In Connection With an Initial Public Offering Clause Samples

The "In Connection With an Initial Public Offering" clause defines the rights, obligations, or restrictions that apply to parties involved when a company is preparing for or executing its first sale of shares to the public. This clause may address issues such as lock-up periods for existing shareholders, disclosure requirements, or the allocation of shares among stakeholders. Its core function is to ensure that all parties understand their roles and limitations during the IPO process, thereby reducing legal and financial risks and promoting a smooth transition to public ownership.
In Connection With an Initial Public Offering. In the event that the Company consummates an initial public offering of its Common Stock (the “IPO”) prior to the Maturity Date, the Outstanding Amount under this Senior Note shall automatically convert into an amount of shares of Common Stock equal to the 2011 Notes Conversion Shares multiplied by the Note Percentage.
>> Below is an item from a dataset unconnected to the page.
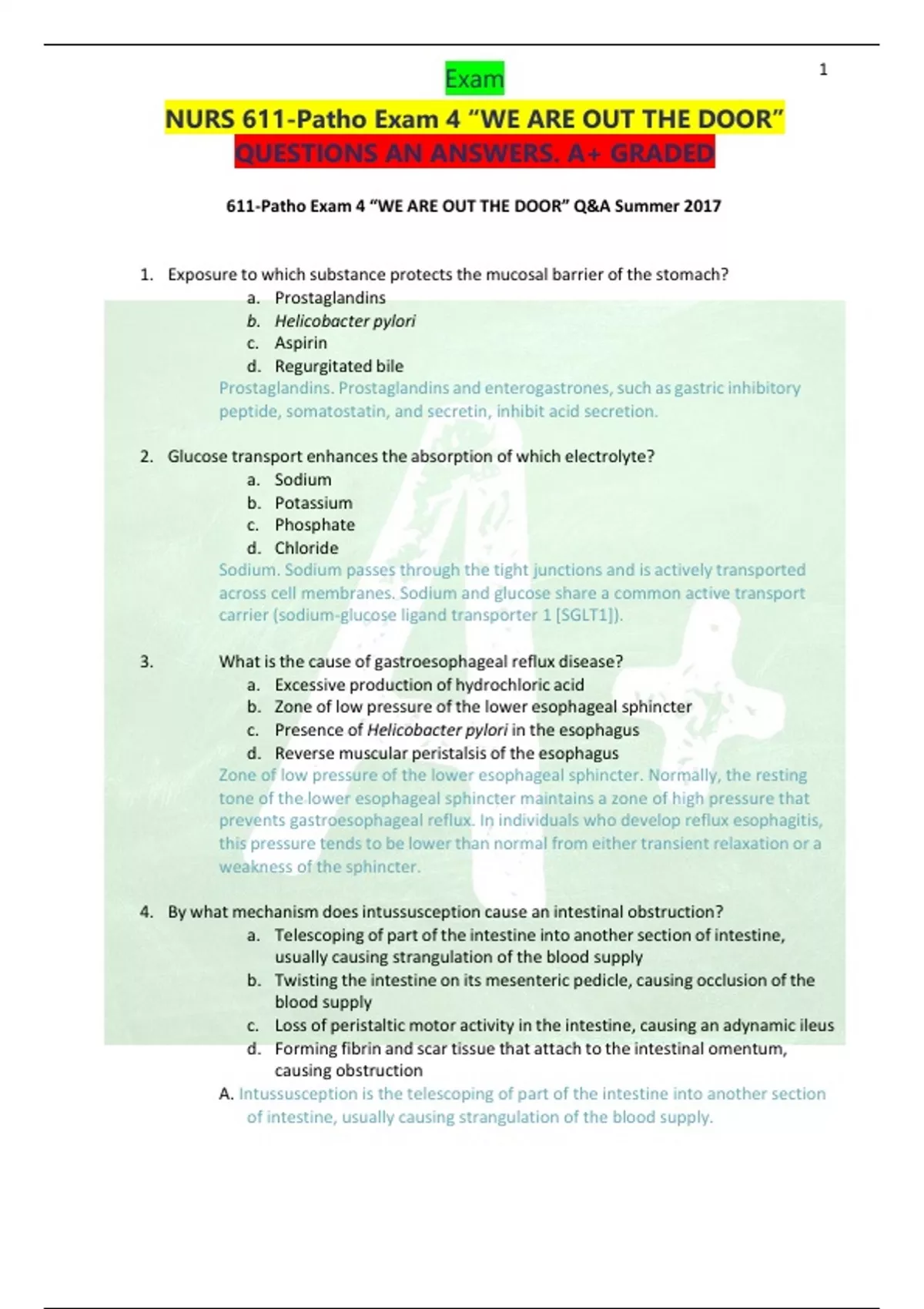Exam NURS 611-Patho Exam 4 “WE ARE OUT THE DOOR” QUESTIONS AN ANSWERS. A+ GRADED 611-Patho Exam 4 “WE ARE OUT THE DOOR” Q&A Summer 2017 1. Exposure to which substance protects the mucosal barrier of the stomach? a. Prostaglandins b. Helicobacter pylori c. Aspirin d. Regurgitated bile Prostaglandins. Prostaglandins and enterogastrones,such as gastric inhibitory peptide, somatostatin, and secretin, inhibit acid secretion. 2. Glucose transport enhances the absorption of which electrolyte? a. Sodium b. Potassium c. Phosphate d. Chloride Sodium. Sodium passes through the tight junctions and is actively transported across cell membranes. Sodium and glucose share a common active transport carrier (sodium-glucose ligand transporter 1 [SGLT1]). 3. What isthe cause of gastroesophageal reflux disease? a. Excessive production of hydrochloric acid b. Zone of low pressure of the lower esophageal sphincter c. Presence of Helicobacter pylori in the esophagus d. Reverse muscular peristalsis of the esophagus Zone of low pressure of the lower esophageal sphincter. Normally, the resting tone of the lower esophageal sphincter maintains a zone of high pressure that prevents gastroesophageal reflux. In individuals who develop reflux esophagitis, this pressure tends to be lower than normal from either transient relaxation or a weakness of the sphincter. 4. By what mechanism does intussusception cause an intestinal obstruction? a. Telescoping of part of the intestine into anothersection of intestine, usually causing strangulation of the blood supply b. Twisting the intestine on its mesenteric pedicle, causing occlusion of the blood supply c. Loss of peristaltic motor activity in the intestine, causing an adynamic ileus d. Forming fibrin and scar tissue that attach to the intestinal omentum, causing obstruction A. Intussusception is the telescoping of part of the intestine into another section of intestine, usually causing strangulation of the blood supply. 2 Exam NURS 611-Patho Exam 4 “WE ARE OUT THE DOOR” QUESTIONS AN ANSWERS. A+ GRADED 5. What isthe most immediate result of a small intestinal obstruction? a. Vomiting b. Electrolyte imbalances c. Dehydration d. Distention Distention begins almost immediately, as gases and fluids accumulate proximal to the obstruction. Within 24 hours, up to 8 L of fluid and electrolytes enters the lumen in the form of saliva, gastric juice, bile, pancreatic juice, and intestinal secretions. Copious vomiting or sequestration of fluids in the intestinal lumen preventstheir reabsorption and produces severe fluid and electrolyte disturbances. 6. An intestinal obstruction at the pylorus or high in the small intestine causes metabolic alkalosis by causing which outcome? a. Gain of bicarbonate from pancreatic secretions that cannot be absorbed b. Excessive loss of hydrogen ions normally absorbed from gastric juices c. Excessive loss of potassium, promoting atony of the intestinal wall d. Loss of bile acid secretions that cannot be absorbed Excessive loss of hydrogen ions. If the obstruction is at the pylorus or high in the small intestine, then metabolic alkalosis initially develops as a result of excessive loss of hydrogen ionsthat normally would be reabsorbed from the gastric juices. 7. What are the cardinal symptoms ofsmall intestinal obstruction? a. Constant, dull pain in the lower abdomen relieved by defecation b. Acute, intermittent pain 30 minutesto 2 hours after eating c. Colicky pain caused by distention, followed by vomiting d. Excruciating pain in the hypogastric area caused by ischemia Colicky pain caused by distention followed by vomiting. 8. What is the primary cause of peptic ulcers? a. Hypersecretion of gastric acid b. Helicobacter pylori c. Hyposecretion of pepsin d. Escherichia coli Helicobacter pylori. 9. A peptic ulcer may occur in all of the following areas except the: a. Stomach b. Jejunum c. Duodenum d. Esophagus Jejunum 3 Exam NURS 611-Patho Exam 4 “WE ARE OUT THE DOOR” QUESTIONS AN ANSWERS. A+ GRADED 10. After a partial gastrectomy or pyloroplasty, clinical manifestationsthat include increased pulse, hypotension, weakness, pallor, sweating, and dizziness are the results of which mechanism? a. Anaphylactic reaction in which chemical mediators, such as histamine, prostaglandins, and leukotrienes, relax vascularsmooth muscles, causing shock. b. Postoperative hemorrhage during which a large volume of blood is lost, causing hypotension with compensatory tachycardia. c. Concentrated bolusthat moves from the stomach into the small intestine, causing hyperglycemia and resulting in polyuria and eventually hypovolemic shock. d. Rapid gastric emptying and the creation of a high osmotic gradient in the small intestine, causing a sudden shift of fluid from the blood vessels to the intestinal lumen. D. Dumping syndrome occurs with varying severity in 5% to 10% of individuals who have undergone partial gastrectomy or pyloroplasty. Rapid gastric emptying and the creation of a high osmotic gradient in the small intestine cause a sudden shift of fluid from the vascular compartment to the intestinal lumen. Plasma volume decreases, causing vasomotor responses, such as increased pulse rate, hypotension, weakness, pallor, sweating, and dizziness. Rapid distention of the intestine produces a feeling of epigastric fullness, cramping, nausea, vomiting, and diarrhea 11. Which statement is consistent with dumping syndrome? a. Dumping syndrome usually responds well to dietary management. b. It occurs 1 to 2 hours after eating. c. Constipation is often a result of the dumping syndrome. d. It can result in alkaline reflux gastritis. Usually responds well to dietary management. 12. Which statement is false regarding the sources of increased ammonia that contribute to hepatic encephalopathy? a. End products of intestinal protein digestion are sources of increased ammonia. b. Digested blood leaking from ruptured varices is a source of increased ammonia. c. Accumulation ofshort

An example of the calculation of the 2011 Notes Conversion Shares, provided for illustrative purposes only, is attached hereto as Annex A.
In Connection With an Initial Public Offering. In the event that the Company consummates an initial public offering of its Common Stock (the “IPO”) prior to the Maturity Date, the Senior Subordinated Majority shall have the right, but not the obligation, to elect to convert all or any portion of the Outstanding Amount under this Senior Note (and a corresponding portion of the Outstanding Amounts under all other Senior Notes) into the number of shares of Common Stock that is equal to (1) the Outstanding Amount being converted under this Senior Note (and the corresponding Outstanding Amounts being converted under all other Senior Notes) divided by (2) the lesser of (y) Base Conversion Price as of the date of such conversion and (z) thirty-three percent (33%) of the amount per share for which the Company issues securities in the IPO (the “IPO Conversion Price”).
In Connection With an Initial Public Offering. (a) On the date of the consummation of an Initial Public Offering, any Class D Units which have not become vested in accordance with Section 3.1(a) on or prior to such date shall be converted into an economically equivalent number of restricted common limited partner interests in the Partnership or a successor partnership or shares of restricted common stock of the General Partner, which restricted partner interests or shares shall become vested and unrestricted on the earlier of (i) the date or dates on which such Class D Units would have vested in accordance with Section 3.1(a) or, if later, the Lockup Expiration Date and (ii) a Change in Control, in each case subject to the Holder’s continuous employment with the General Partner or any Affiliate of the General Partner through the applicable vesting date. (b) On the date of the consummation of an Initial Public Offering, any Class D Units which have become vested in accordance with Section 3.1(a) on or prior to such date shall be converted into an economically equivalent number of restricted common limited partner interests in the Partnership or a successor partnership or shares of restricted common stock of the General Partner which shall become unrestricted on the Lockup Expiration Date. (c) In the event that any Class D Units are converted into common limited partner interests in the Partnership or a successor partnership or shares of common stock of the General Partner (restricted or unrestricted) pursuant to this Section 4.2, the Holder shall have no further rights with respect to the Class D Units or any distributions or any other rights as a holder of interests in the Partnership. The number of such common limited partner interests or shares of common stock (and the terms thereof and the rights associated therewith) into which the Class D Units are converted shall be determined by the General Partner, which determination shall be final and binding.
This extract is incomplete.